Last October, this blog reported on a well-reasoned decision in the FirstEnergy Solutions Corp. bankruptcy, a decision in which U.S. bankruptcy judge Alan Koschik struck down an ill-conceived bonus plan. Last month, in the same case, Judge Koschik issued another good decision, this time concerning when a debtor must decide to assume or reject a collective bargaining agreement. The judge ruled that the corporate debtors in that case were required to decide to assume or reject their collective bargaining agreements prior to confirmation of their plan of reorganization. See In re FirstEnergy Solutions Corp., Case No. 18-50757 (Bankr. N.D. Ohio Aug. 26, 2019)
In a Chapter 11 bankruptcy, a corporate debtor may “assume” a collective bargaining agreement, thereby agreeing to accept the contract’s terms and to pay in full all amounts due under the contract. Or, the debtor may try to “reject” the agreement, by filing a motion seeking permission to reject it under Section 1113 of the Bankruptcy Code, 11 U.S.C. §1113. In FirstEnergy, the debtors, which operated nuclear power plants, had done neither when they sought confirmation of their plan of reorganization. The plan said the debtors would negotiate modifications to their collective bargaining agreements after the court confirmed the plan.
Union locals from the Utility Workers and the International Brotherhood of Electrical Workers objected to confirmation of the plan, arguing that a debtor’s decision to assume or reject a collective bargaining agreement must precede plan confirmation.
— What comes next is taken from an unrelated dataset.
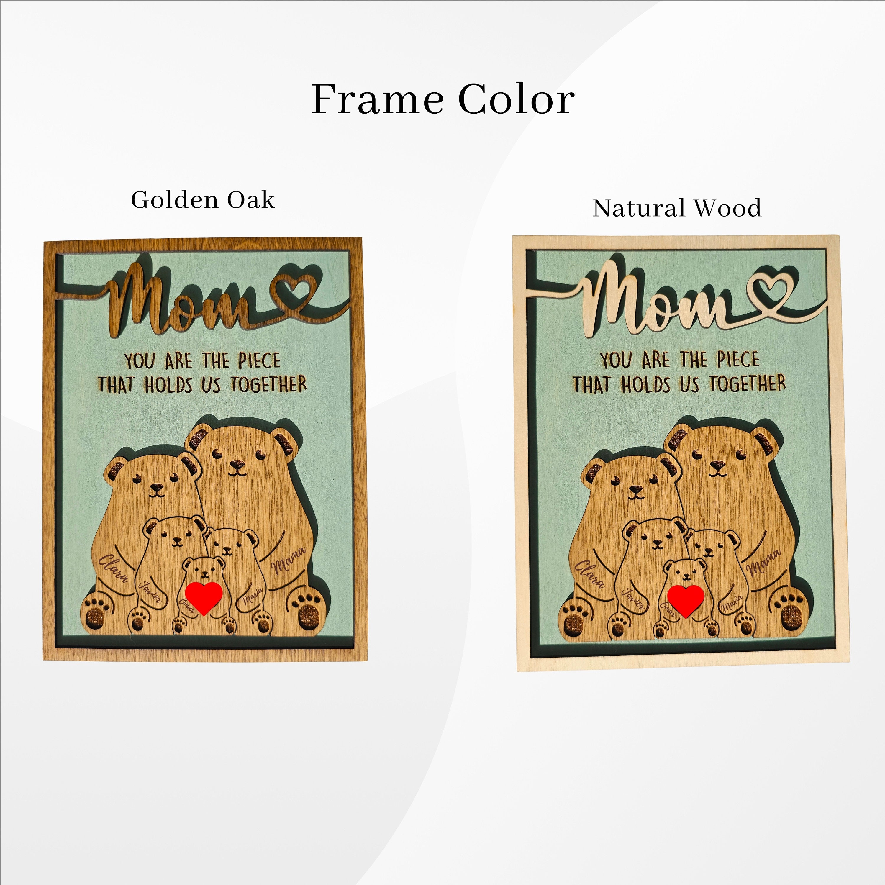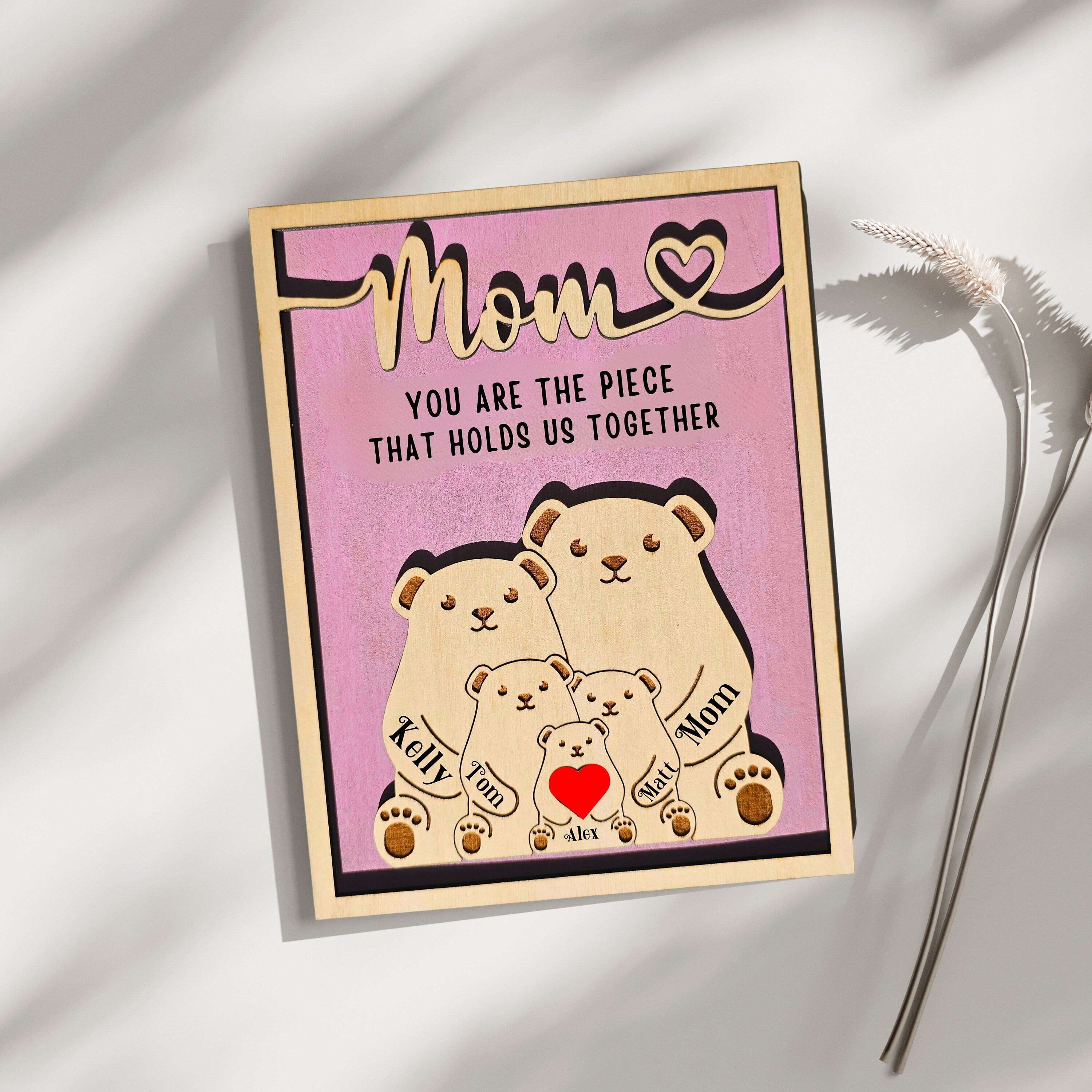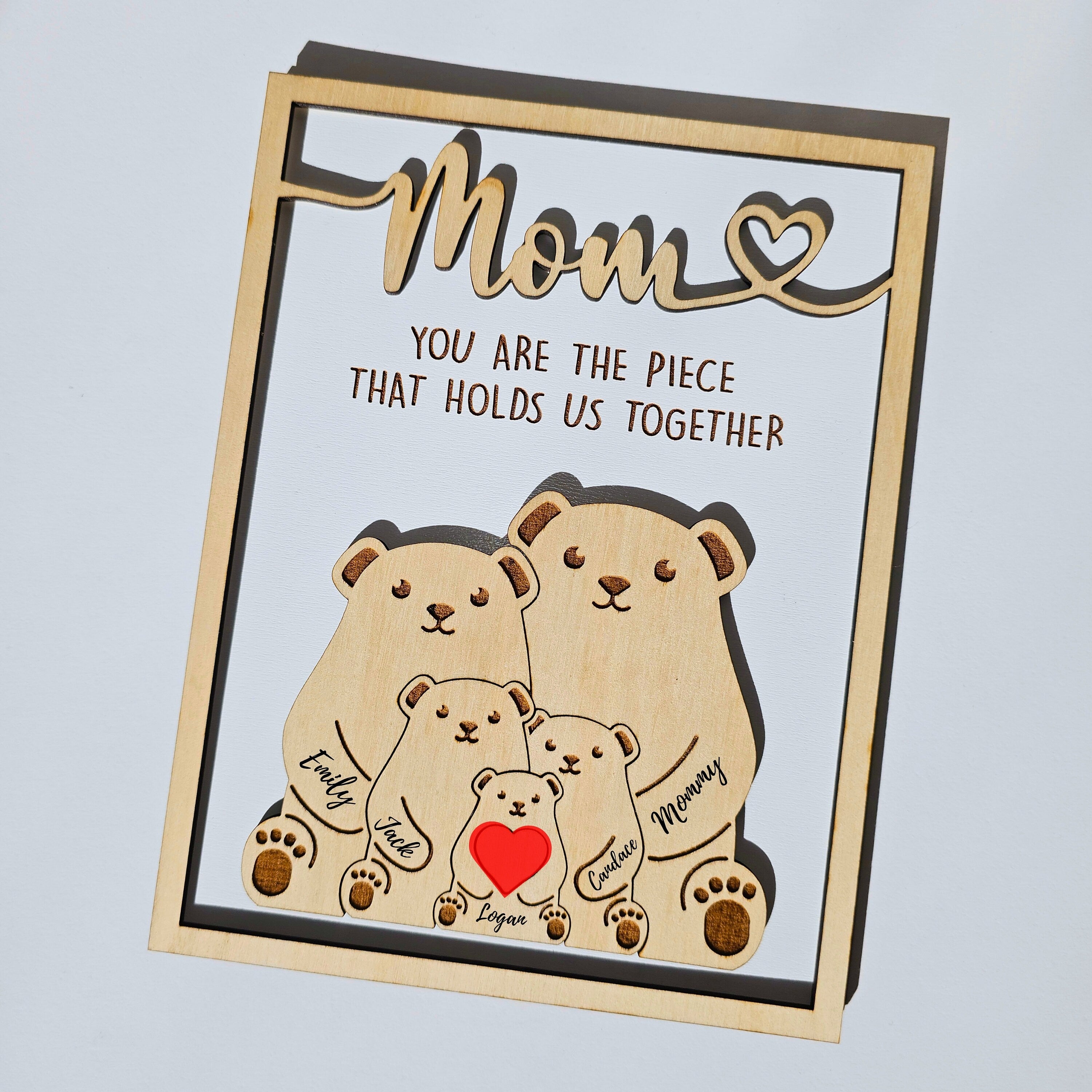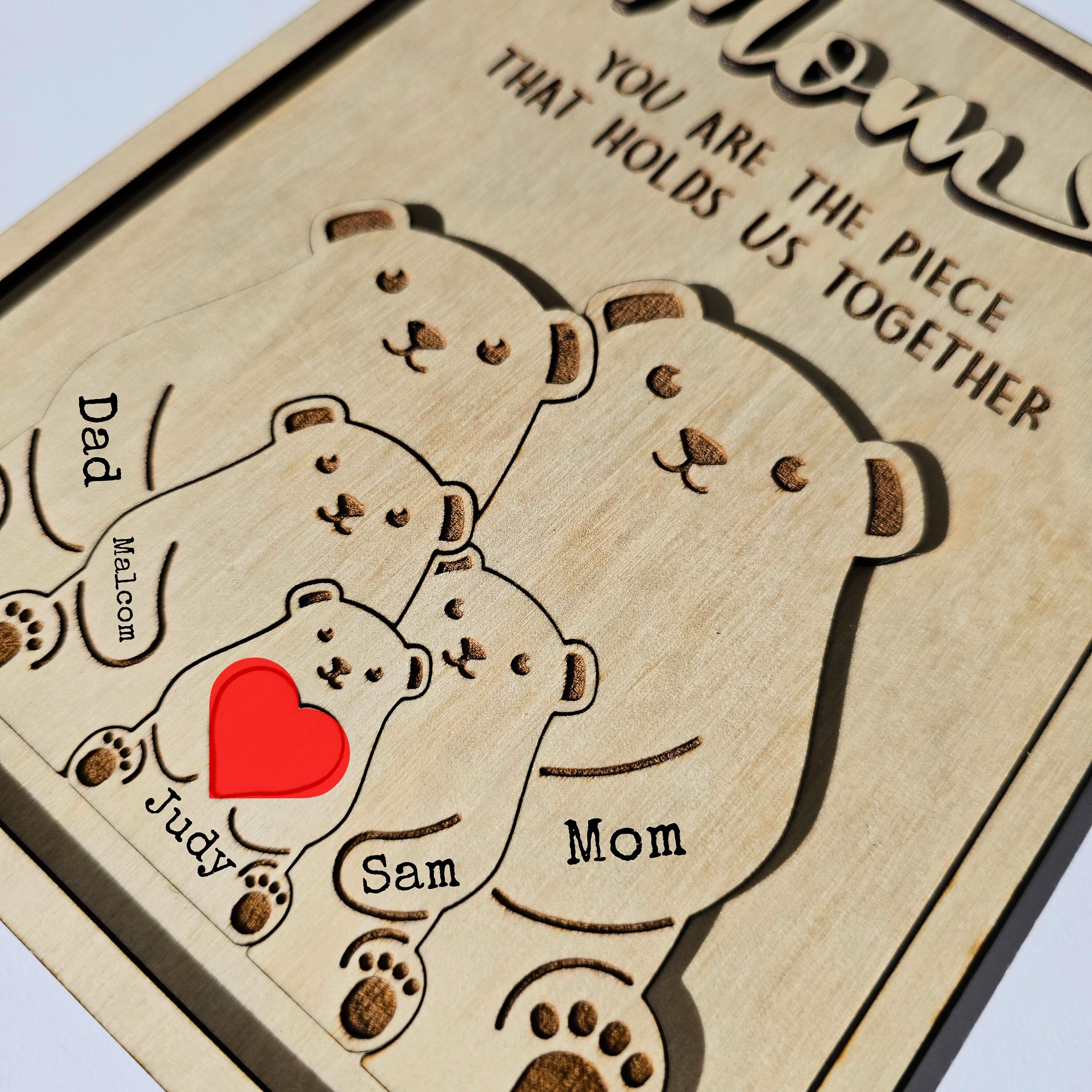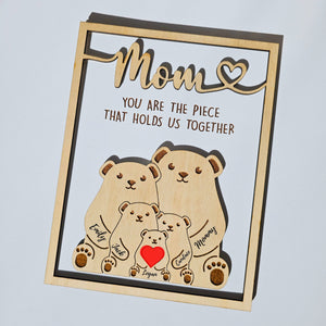 π Mother's Day Wooden Plaque β Honor the love and dedication that binds your family with this meaningful gift for Mom. This Mother's Day, delight her with a charming wooden plaque adorned with a bear puzzle design and the heartfelt message: "You Are The Piece That Holds Us Together." This thoughtful gift, more special than words can express, will bring happiness to your mother or wife and fill her heart with warmth and joy.π

Their objection pointed out that Section 1113 only allows rejection of a collective bargaining agreement when “necessary to permit the reorganization of the debtor.” 11 U.S.C. §1113(b)(1)(A). Allowing contract rejection after the debtor has already reorganized would run afoul of the statute’s intent. The objection also argued that by not assuming or seeking to reject the contracts, the debtors impermissibly sought to have their cake and eat it too: avoiding the burdens of the contracts’ obligations while also evading the risk of labor unrest that comes with contract rejection.
Judge Koschik sustained the unions’ objection. In a brief decision, he cited Bankruptcy Code Section 365(d)(2), which states that executory contracts (meaning contracts not yet fully performed) may be assumed or rejected “at any time before the confirmation of a plan.” 11 U.S.C. §365(d)(2) (emphasis added). He also cited Supreme Court precedent holding that the debtor has until plan confirmation to decide whether to assume or reject. See Fla. Dep’t of Rev. v. Piccadilly Cafeterias, Inc., 554 U.S. 33, 46 (2008). The judge wrote further that, even if a court had discretion to allow a debtor to make an assume-or-reject decision post-confirmation, he would not allow it in this case. Doing so would be “unwise,” he explained, since it would “leave the CBAs in limbo.”
Once again, as it did last year, the FirstEnergy case has produced a sensible ruling on a question of bankruptcy and labor law.